*** Begin section ***
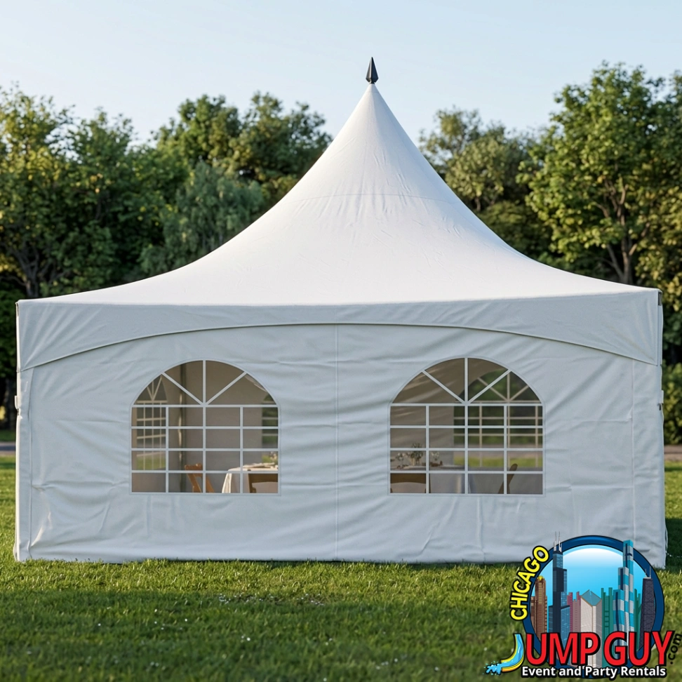 The High Peak Frame Tent’s distinctive center peak creates an elevated visual profile that photographs significantly better than flat-roof configurations and reads as a deliberate design choice rather than functional weather protection, the right choice for Lake Forest outdoor events where the tent is part of the aesthetic. Consistently the preferred configuration for private celebrations on the wooded estate properties near Forest Park Beach and for gatherings near the Market Square historic district where the outdoor setting calls for a structure that complements the distinguished architecture of the neighborhood. Side walls at $50 per panel. Full crew setup and breakdown. Delivers to Highland Park and Lake Bluff within the standard service zone.
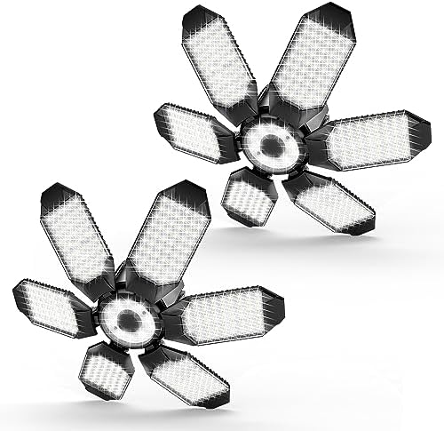 Garage Lights - 2Pack Super Bright 32000LM LED Garage Ceiling Light 6500K LED Shop Light w/ 6 Deformable Panels Screw in E26/E27 Socket Light Bulbs for Workshop Storage Warehouse Attic
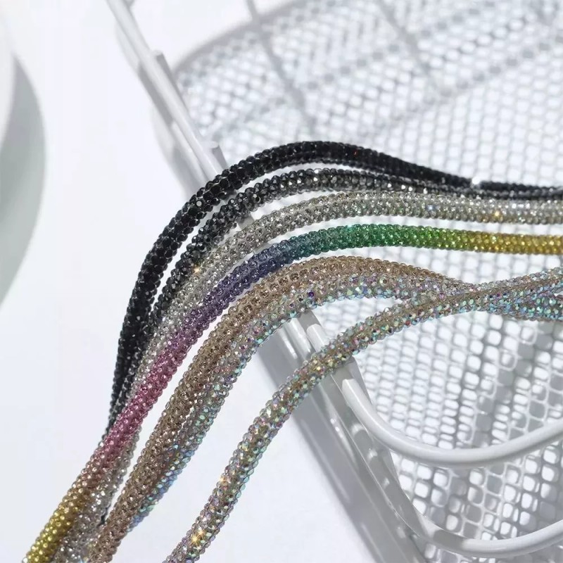 Diamantes de imitación brillantes: estas cuerdas redondas para zapatos se ven simples y elegantes, están adornadas con atractivos diamantes de imitación, que pueden brillar bajo la luz y reflejar un encantador brillo brillante; son bonitas decoraciones para tu ropa, y pueden añadir un toque delicado y animado a ti mismo
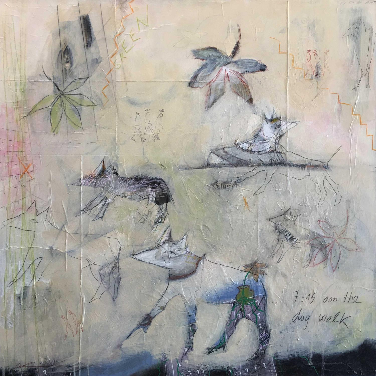 This unique and original contemporary artwork "7:15 AM the dog walk" on the subject of Animals has been created by the contemporary artist Colin Sylvie.
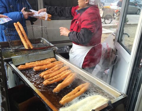楼上是居民小区楼下就是这家店了,百年老店,不要怀疑。周末的时候真的是要排上队的已经排到街上了。其实就是煎饼果子了,但是吃完你就没话说了,排队排得有理。
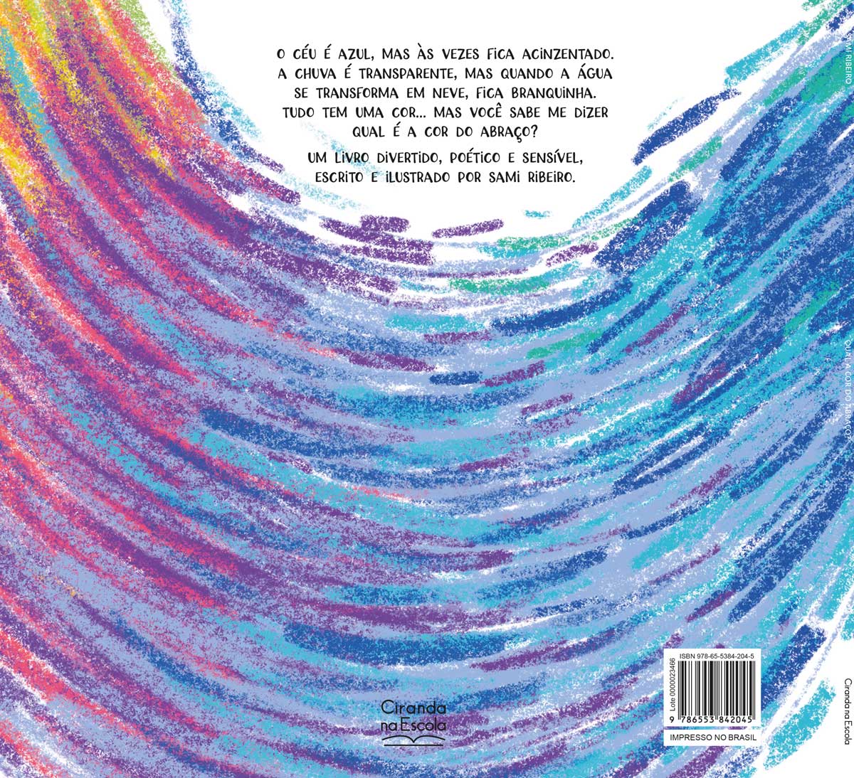 O céu é azul, mas às vezes fica acinzentado. A chuva é transparente, mas quando a água se transforma em neve, fica branquinha. Tudo tem uma cor… mas você sabe me dizer qual é a cor do abraço? Um livro divertido, poético e sensível, escrito e ilustrado por Sami Ribeiro.
*** End section ***
Work to complete - Only the pictures in the listing above get left out; print everything else exactly.

Solution -
 The High Peak Frame Tent’s distinctive center peak creates an elevated visual profile that photographs significantly better than flat-roof configurations and reads as a deliberate design choice rather than functional weather protection, the right choice for Lake Forest outdoor events where the tent is part of the aesthetic. Consistently the preferred configuration for private celebrations on the wooded estate properties near Forest Park Beach and for gatherings near the Market Square historic district where the outdoor setting calls for a structure that complements the distinguished architecture of the neighborhood. Side walls at $50 per panel. Full crew setup and breakdown. Delivers to Highland Park and Lake Bluff within the standard service zone.
 Garage Lights - 2Pack Super Bright 32000LM LED Garage Ceiling Light 6500K LED Shop Light w/ 6 Deformable Panels Screw in E26/E27 Socket Light Bulbs for Workshop Storage Warehouse Attic
 Diamantes de imitación brillantes: estas cuerdas redondas para zapatos se ven simples y elegantes, están adornadas con atractivos diamantes de imitación, que pueden brillar bajo la luz y reflejar un encantador brillo brillante; son bonitas decoraciones para tu ropa, y pueden añadir un toque delicado y animado a ti mismo
 This unique and original contemporary artwork "7:15 AM the dog walk" on the subject of Animals has been created by the contemporary artist Colin Sylvie.
楼上是居民小区楼下就是这家店了,百年老店,不要怀疑。周末的时候真的是要排上队的已经排到街上了。其实就是煎饼果子了,但是吃完你就没话说了,排队排得有理。
 O céu é azul, mas às vezes fica acinzentado. A chuva é transparente, mas quando a água se transforma em neve, fica branquinha. Tudo tem uma cor… mas você sabe me dizer qual é a cor do abraço? Um livro divertido, poético e sensível, escrito e ilustrado por Sami Ribeiro.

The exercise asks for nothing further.